Per Sra Gazzato: leggendo il testo ma soprattutto i toni del Signor A 59 e richiamando il mio ultimo messaggio ( la parte oscurata) mi viene in mente il titolo di quel film di Sordi e la Vitti: ” Io so che tu sai che io so”. Le riconfermo tutta la mia comprensione e solidarietà.
R
Bene, si ottimo film, due mostri sacri indimenticabili. Grazie.
A59, Giorgia Meloni non ha mantenuto le promesse perché c’è stato l’imprevisto della guerra, come Conte non le ha mantenute perché c’è stato l’imprevisto del Covid.
Nessun governo europeo ha mantenuto le promesse negli ultimi anni.
Però, ai governi precedenti, di centrosinistra, nessuno faceva notare così quotidianamente che non mantenevano le promesse.
Facile governare quando è tutto tranquillo, ma anche i governi precedenti sono riusciti a fare danni, come, riguardo alla Sanità, la chiusura degli ospedali minori perché risultavano inefficienti.
Non me lo ha ordinato il medico di scrivere qui, se mi vuoi dare spazio bene sennò tanti saluti “a tutte ‘sti signure ‘ncravattate e a chesta cummitiva accussi allera
d’uommene scicche e femmene pittate”.
Buona giornata.
R
Spazio qui ne hai. Spetta a te usarlo nel modo giusto.
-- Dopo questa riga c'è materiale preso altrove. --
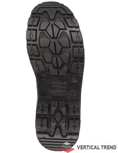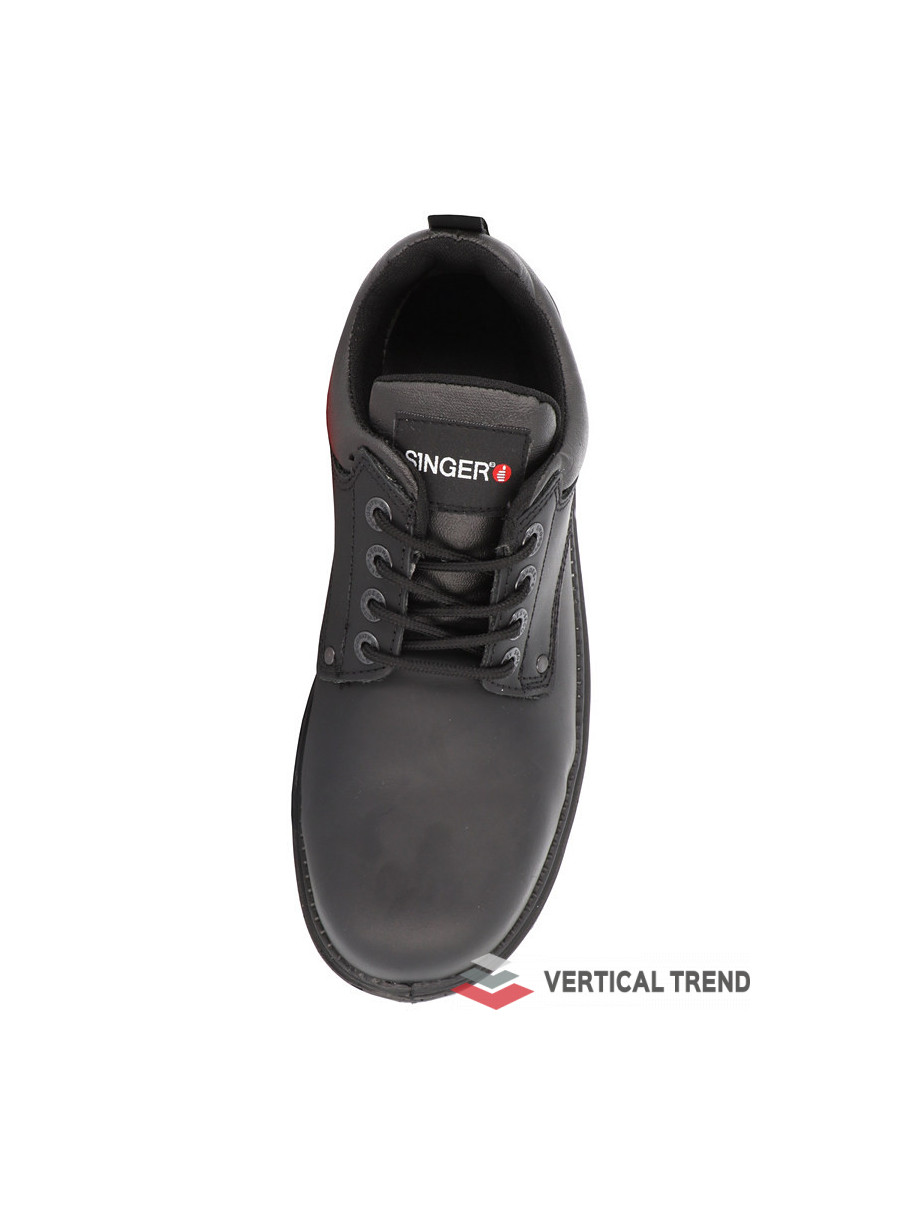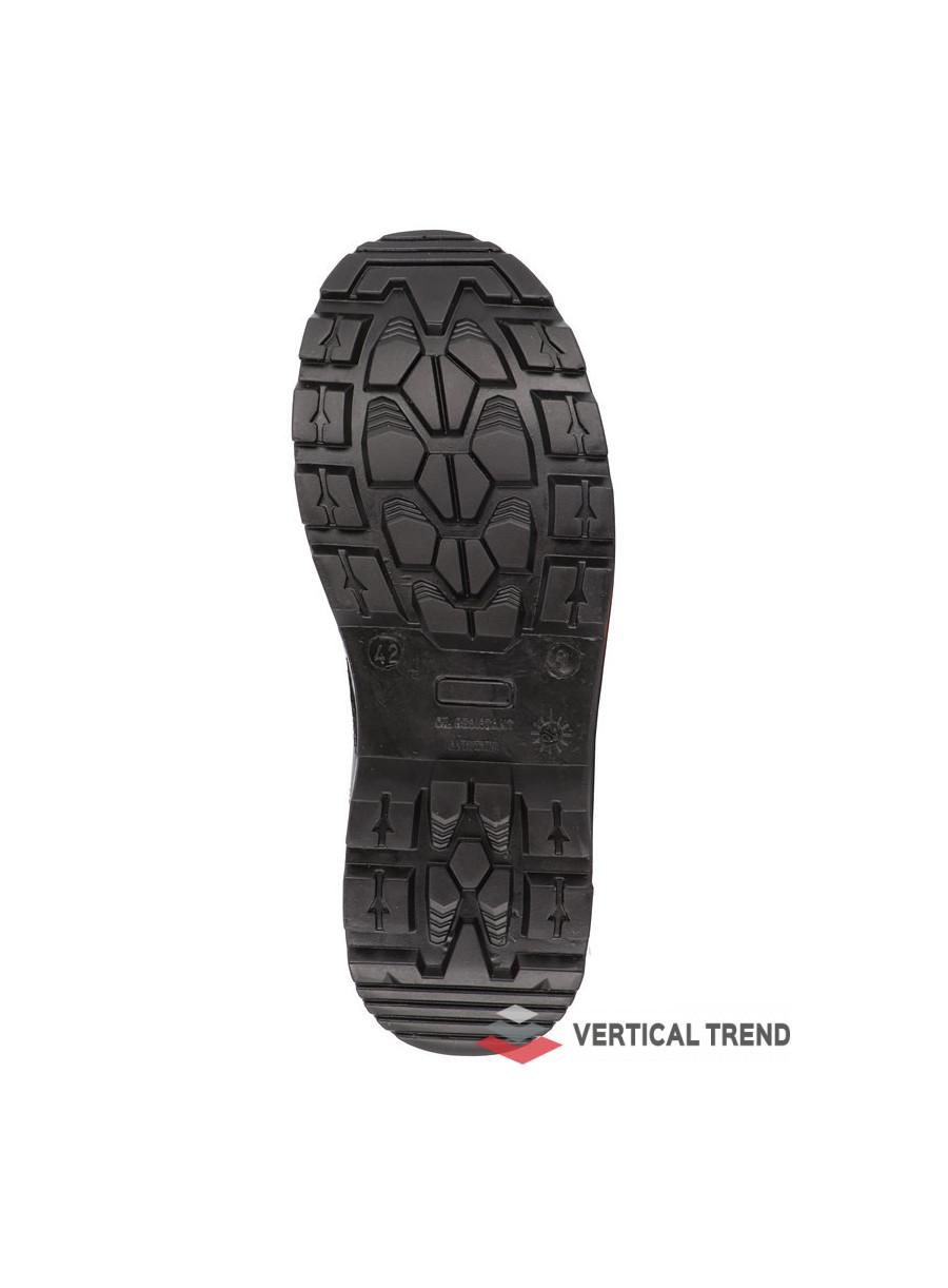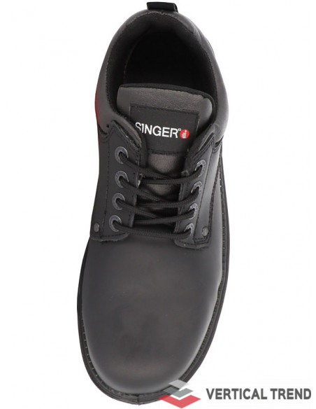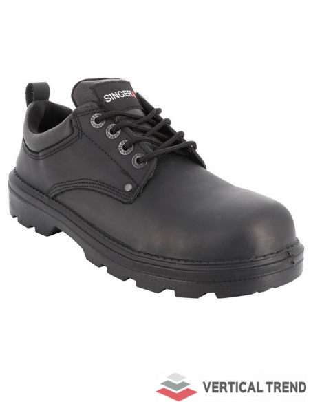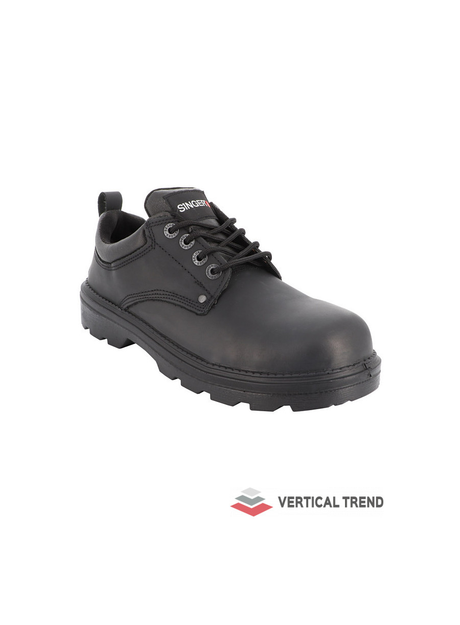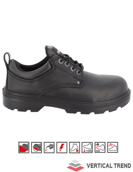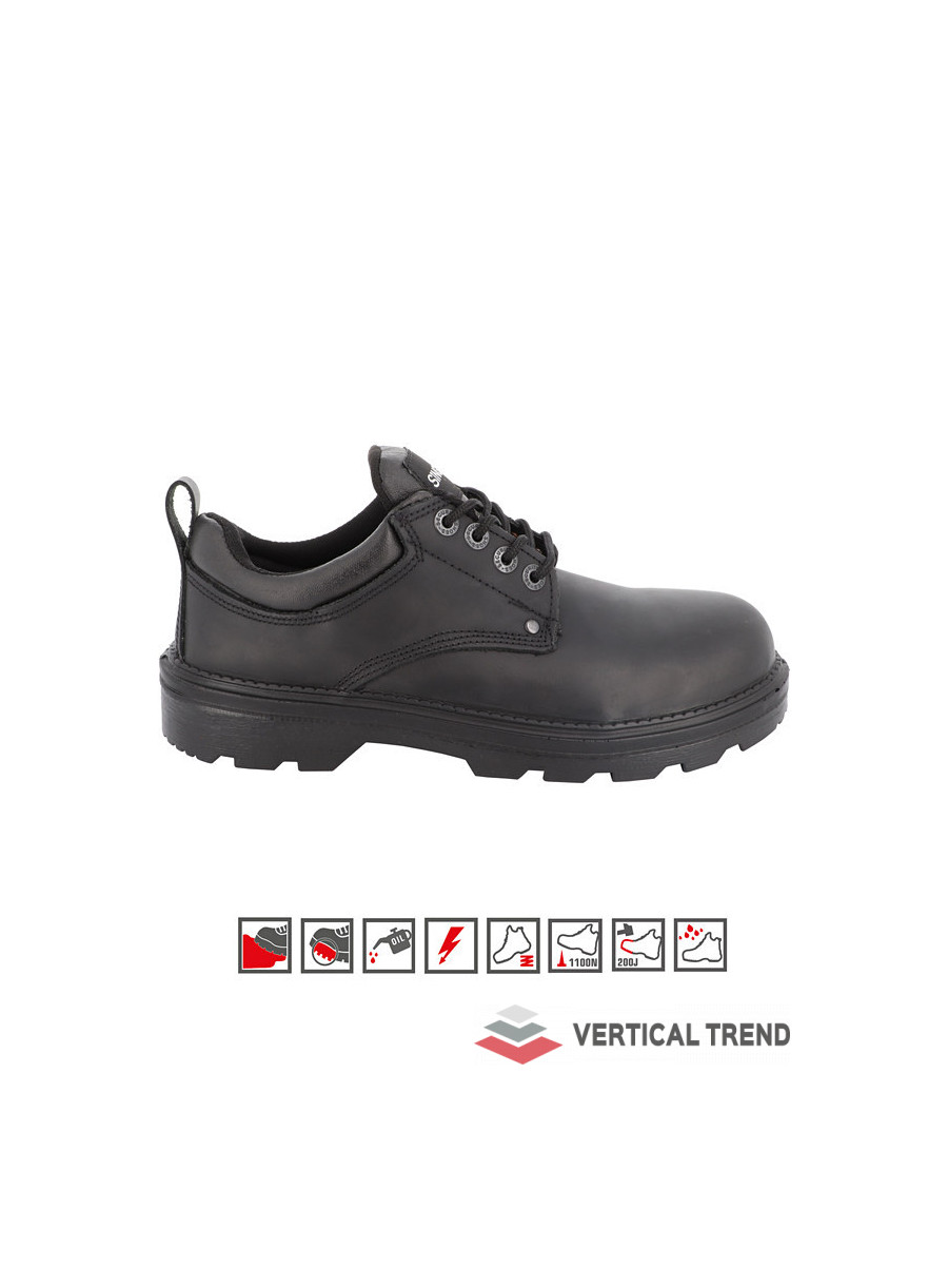 Pantofi de protecţie S3 SRC, cu bombeu din material compozit şi lamelă antiperforaţie textilă, confecționați din piele integrala spalt de bovină, tratată pentru a fi rezistentă la apă, limbă cu clini, inchidere cu șireturi și ochiuri, talpă din poliuretan PU dublă densitate rezistentă la: uleiuri, grăsimi, hidrocarburi, antiderapantă, antistatică, SRC , culoare neagra

Non è vero ciò che asserisce Il sig. “A59” che “il” premier Giorgia Meloni non avrebbe mantenuto nessuna promessa, ha mantenuto quella di togliere il sussidio alla maggior parte dei morti di fame.
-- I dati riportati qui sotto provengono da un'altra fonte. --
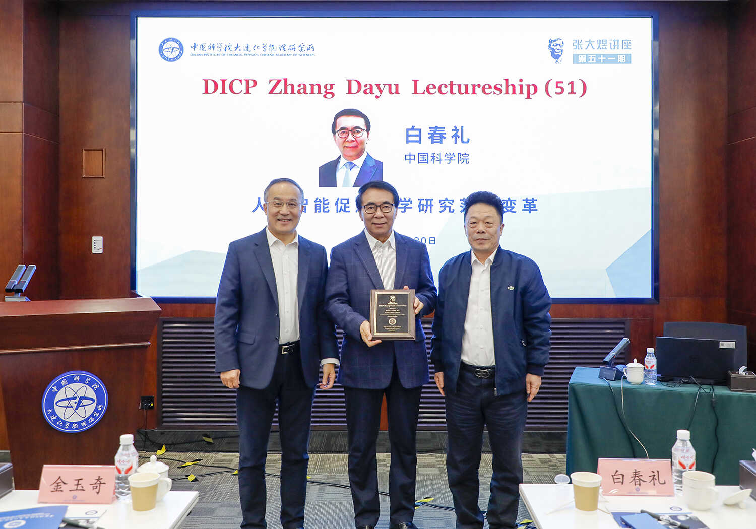 10月20日上午,中国科学院原院长白春礼院士应邀在我所交流中心会议室作了题为“人工智能促进化学研究范式变革”的第51期张大煜讲座。我所张涛院士、党委书记金玉奇、副所长黄延强、科研及职能部门相关人员等200余人通过线下和线上方式参加了报告会,报告会由张涛主持。会上,金玉奇向白春礼颁发了张大煜讲座证书。
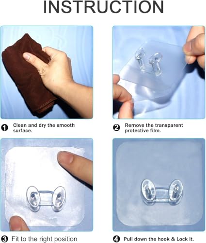- شفافية وتصميم غير مرئي: تأتي الخطافات بلون شفاف، مما يجعلها غير مرئية تقريبًا عند تثبيتها على الأسطح، لتتناسب مع أي تصميم داخلي دون التأثير على جمالية المكان.
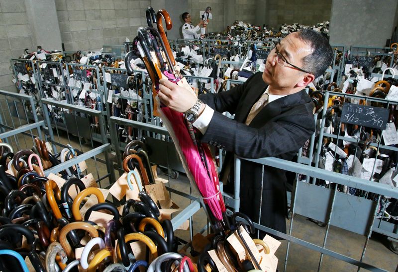Según el orgamismo, en 2016 llegaron más de 380.000 paraguas, entre otros objetos, de los que menos del 1 % fueron devueltos al propietario. Ōkubo piensa que hay muchas personas que no acuden a objetos perdidos sopesando el bajo precio del paraguas y la molestia de rellenar el formulario de objetos perdidos. (Jiji)

PS Questo sig. A59 è pure preparato nella “sceneggiata napoletana”.
R
si, ha ragione signor Cosimo, il signor A59 è molto preparato e non solo nella sceneggiata napoletana. Come è molto preparato lei.
Meloni che fa morire di fame gli italiani morti di fame, il premier è proprio cattiva.
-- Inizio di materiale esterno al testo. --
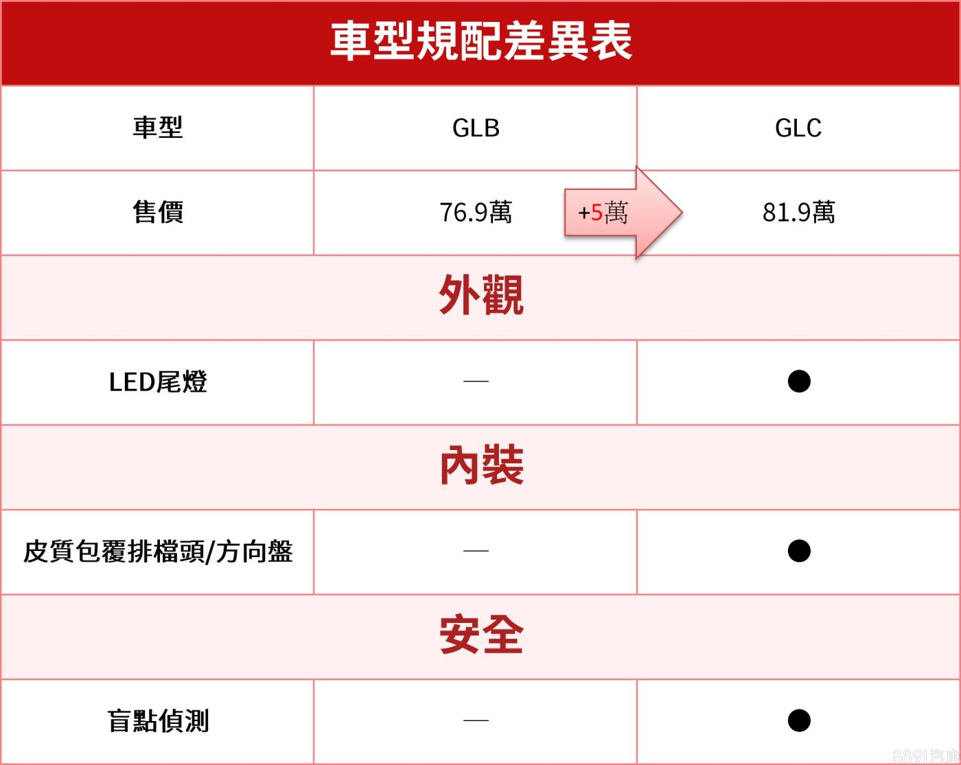 淺棕色、深棕搭配是我最喜歡的,看起來很像時下流行的奶茶色,搭配可愛的外型,相信女生們看到一定愛上,且這搭配在小改款之前是「限量」,現在直接常態供應,必選!如果你是酷哥,仙蹤綠也很推,是GLB中階版專屬色,燻黑鋁圈配起來Outdoor氣息滿滿。
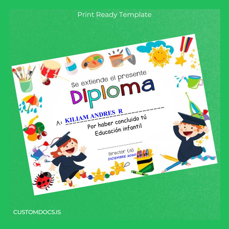 Instant Editable Spain Diploma Template for Early Childhood Education
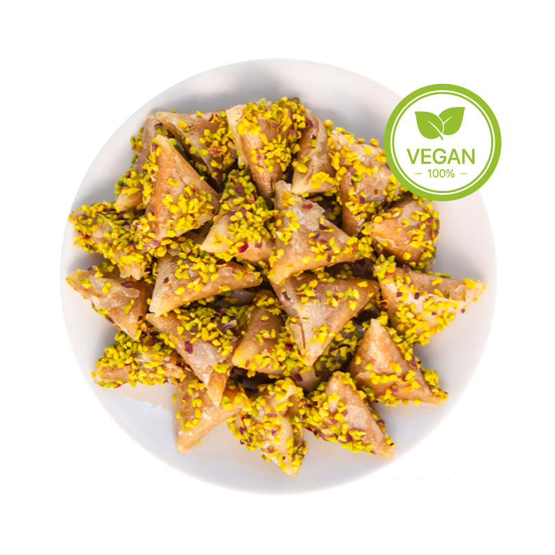 Ingrédients : Feuilles de brick (farine de blé (gluten), eau, sel, huile de soja), noisette (fruits à coque), sucre, pistache (fruits à coque), amande (fruits à coque), sésame, huile de mais, sirop de glucose (sulfite), eau, eau de rose naturelle, correcteur d'acidité (E330)

Vedo cara Mariagrazia che “hai scelto”, ci sentiremo in campo neutro, qui mai più.
Saluti a (quasi) tutta la “cummitiva”.
R
Non accetti che io possa decidere di smorzare qualche polemica quando esce troppo dal seminato di un dibattito “sereno”? Sei tu ad avere scelto, ma sei libero ovviamente di farlo.
Beh, mi dispiace davvero, credevo che avessi capito che qui io ho delle regole che mi sono imposta e che anche tu sei tenuto ad osservare come tutti. Evidentemente non sono riuscita io a trasmetterlo. Una cosa però voglio aggiungere: qui non ci sono “comitive” o “allegre compagnie”, ma solo persone che discutono, ognuno con le proprie idee e anche se non sono d’accordo e succede spesso, cercano di mantenere il dialogo sul binario del rispetto reciproco e comunque accettano che ci sia un “moderatore” con totale autonomia di giudizio a cercare di mantenerlo tale. O, almeno, questo è quello che io ho in mente per il mio blog e solo così posso continuare a tenerlo aperto. Se hai deciso di lasciare il blog perché tu non accetti quattro semplici regole, rispetto la tua decisione ma secondo me sbagli. Ma se cambi idea, qui sei sempre il benvenuto.